Ad ogni buon conto nel caso del medico Grazzi ti sbagli. Perché una cosa è sapere per sentito dire che un atleta è seguito da tale medico o da tal altro, un conto è poter dimostrare che quella è la verità. Possono passare mesi, e anche anni fra un sospetto e un riscontro. Quindi nessuna dietrologia “ultrasinistra”. Infatti, come si sa, il governo Prodi cade il 9 novembre 1998 e la prima notizia ufficiale del coinvolgimento del Grazzi nel processo Conconi, è del 19 novembre 1998 (Ansa). D’Alema aveva già vinto. E si sarebbe dato una ulteriore martellata dove meglio si sentiva una volta che aveva fatto fuori l’avversario? A chi avrebbe giovato spargere ulteriori notizie negative sulla gestione “di sinistra”? Solo per legittimare ulteriormente il suo ruolo? Mi pare una spiegazione debole debole. Forse un tantino preconcetta. I fatti alle volte sono meno complessi di quanto non immagini certa "dietrologia". E bisogna sempre rifarsi all’atmosfera di quei tempi, quando parlare di doping era difficile dappertutto, anche nei giornali. Talvolta solo perché l’argomento era considerato “noioso e pesante”. Perché i giornali abbiano un’idea assai poco culturale dello sport, non è questa la sede per spiegarlo; ma, che lo si voglia credere o no, non necessariamente dietro certe scelte c’è sempre il “grande vecchio”. Solo chi ha dentro di sé il complesso dell’impotenza (e in fondo una assoluta svalutazione di sé) si puo’ vedere come un burattino “agito” da questo o quel potere. Accade, nella vita, certo; talvolta, ma non sempre. E sempre l’uomo – se vuole – può fare la differenza. Piccola o grande che sia. Ma fare la differenza vuol dire impegnarsi e pagare anche un prezzo.
Veniamo, però, al concreto. Dal momento che a criticare ci vuole poco, ma il difficile è costruire, vorrei sapere da te come si ci dovrebbe comportare per fare una seria lotta al doping.

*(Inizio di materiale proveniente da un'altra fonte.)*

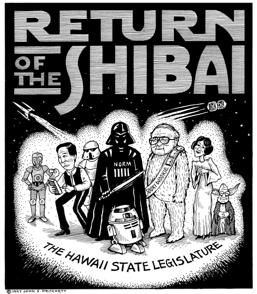 Honolulu Weekly 2-26-97 Return of the Shibai - the Hawaii legislature returns Next Cartoon | Previous Cartoon | 1997 | Archives | Home | Search

Allora, vediamo di riassumere le critiche più comuni:

1) Non si combatte il doping criminalizzando l’alteta; e

2) Basta che un atleta sia citato a fianco di un’indagine doping (che magari lo riguarda), perché, poverino, si senta criminalizzato, quali che siano le indagini, i sequestri, le cronache.

3) Non si combatte facendo inchieste giornalistiche, che alla fine, dal momento che la giustizia (sportiva e ordinaria) spesso finisce per dare un semplice buffetto ai colpevoli, si rivelano “inutili”.

4) Non si combatte con i magistrati che istruiscono i processi solo perché “vogliono apparire”.

5) Non si combatte con i processi perché poi qualcuno patteggia e tutto finisce a tarallucci e vino. E le condanne, quando ci sono, sono lievi.

6) Non si combatte con la scienza che, anche quando mette in guardia dai rischi del doping (leggi possibili morti), non è mai credibile, perché c’è sempre un’altra ipotesi cui aggrapparsi.

7) Non si combatte con la formazione e l’informazione, di cui in pochissimi parlano. Ed è quanto meno strano che l’argomento non compaia quasi mai in tanti “siti” che dicono di voler fare la lotta al doping.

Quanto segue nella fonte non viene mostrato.